Question 4. The table below shows selected values of a continuous function \( f \) on the closed interval \( [-1, 3] \).

x−10123
f(x)4−163−2

Based on the table and the Extreme Value Theorem, which of the following must be true?

  • A) The absolute maximum of \( f \) on \( [-1, 3] \) is 6.
  • B) The absolute maximum of \( f \) on \( [-1, 3] \) is at least 6. ✓
  • C) The absolute maximum of \( f \) on \( [-1, 3] \) occurs at \( x = 1 \).
  • D) The absolute minimum of \( f \) on \( [-1, 3] \) is −2.

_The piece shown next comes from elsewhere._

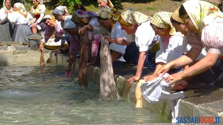 Di primo mattino le massaie hanno iniziato a lavare di buona lena, mentre i mariti, dopo aver tosato le pecore, hanno iniziato a scaldare i pentoloni dove poi questa lana veniva immersa e cardata. La giornata soleggiata ha accompagnato il vociare delle massaie che tra loro si scambiavano pareri sui due sposini. Mentre nei paiuoli, la lana continuava la bollitura. In questo luogo identitario pieno di ricordi, anche gli spettatori hanno fatto parte di un film. Dopo la tosatura e la bollitura, la lana è stata lavata nelle vasche dalle massaie e stesa ad asciugare. Dopo questo ultimo passaggio, e quindi finito il lavoro, tutta la comunità proseguiva i festeggiamenti con pecora bollita, rosolio e il meritato riposo. Un pranzo conviviale, accompagnato da canti e balli dell’epoca state curate da Radio Club Coros- Museo della Radio Mario Faedda.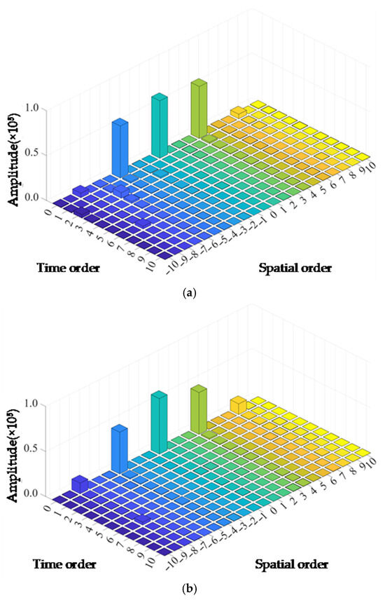 The radial electromagnetic forces of two motors with 36/42 slot configurations and 36/53 slot configurations were analyzed using two-dimensional Fourier decomposition, and the harmonic content is shown in Figure 5a,b. Analysis reveals that the spatial harmonics of the 4th and 8th orders have relatively high content. This is because the spatial harmonic components of the radial electromagnetic force exhibit characteristics related to the number of poles of the motor; the temporal order is an integer multiple of the electrical frequency. Among the various harmonics, those with both spatial and temporal order of 0 have the most prominent amplitude. These harmonics belong to the DC component of the electromagnetic force and do not cause dynamic excitation of the motor structure. By changing the number of slots in the rotor’s 53 slots, the frequency distribution of the electromagnetic force waves was adjusted, effectively suppressing the second-order electromagnetic force waves that have the greatest impact on motor vibration and noise.

Explanation: Choice B is correct. The EVT guarantees that since \( f \) is continuous on the closed interval \( [-1, 3] \), it attains an absolute maximum. The table shows \( f(1) = 6 \), so the maximum is at least 6. However, since the table shows only selected values, \( f \) could attain values greater than 6 between the tabulated points; we cannot conclude the exact maximum from partial information alone. Choice A is incorrect because it asserts the maximum is exactly 6; the table does not show all values of \( f \), and a larger value could exist at a point not listed. Choice C is incorrect for the same reason: even though \( f(1) = 6 \) is the largest listed value, the absolute maximum could be attained at an unlisted point, so we cannot pin the location to \( x = 1 \). Choice D is incorrect because the table shows \( f(3) = -2 \) as the smallest listed value, but \( f \) could attain values less than \( -2 \) at unlisted points; the minimum is at most \( -2 \), not exactly \( -2 \).

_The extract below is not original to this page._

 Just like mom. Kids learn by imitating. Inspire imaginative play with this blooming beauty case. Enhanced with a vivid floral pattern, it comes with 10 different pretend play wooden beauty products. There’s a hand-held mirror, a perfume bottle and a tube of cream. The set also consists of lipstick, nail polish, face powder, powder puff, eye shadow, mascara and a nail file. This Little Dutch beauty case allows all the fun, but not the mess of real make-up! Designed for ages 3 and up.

Question 5. A car travels along a straight road. Its position (in miles) at time \( t \) (in hours) is given by a differentiable function \( s(t) \). If \( s(0) = 10 \) and \( s(4) = 90 \), which of the following must be true?

  • A) The car’s average velocity over \( [0, 4] \) is 80 mph.
  • B) The car’s velocity equals 20 mph at some point during \( (0, 4) \). ✓
  • C) The car’s velocity equals 20 mph at \( t = 2 \).
  • D) The car’s speed exceeds 20 mph for all \( t \in (0, 4) \) for the motion described by the function.

Explanation: Choice B is correct. Since \( s \) is differentiable on \( (0, 4) \) and continuous on \( [0, 4] \), the MVT guarantees the existence of some \( c \in (0, 4) \) where \( s'(c) = \dfrac{s(4) - s(0)}{4 - 0} = \dfrac{90 - 10}{4} = \dfrac{80}{4} = 20 \) mph. Since \( s'(t) \) represents velocity, the car’s velocity equals 20 mph at some moment in the open interval \( (0, 4) \). Choice A is incorrect because the average velocity is \( \dfrac{s(4) - s(0)}{4 - 0} = \dfrac{80}{4} = 20 \) mph, not 80 mph. The student confused the displacement (80 miles) with the average velocity, forgetting to divide by the elapsed time. Choice C is incorrect because the MVT guarantees the existence of some \( c \in (0, 4) \) where \( s'(c) = 20 \), but does not specify that \( c = 2 \); the guaranteed point could be anywhere in the open interval. Choice D is incorrect because the MVT makes no claim about the velocity at every point in the interval, the car could slow down, speed up, or even stop at various moments during \( (0, 4) \).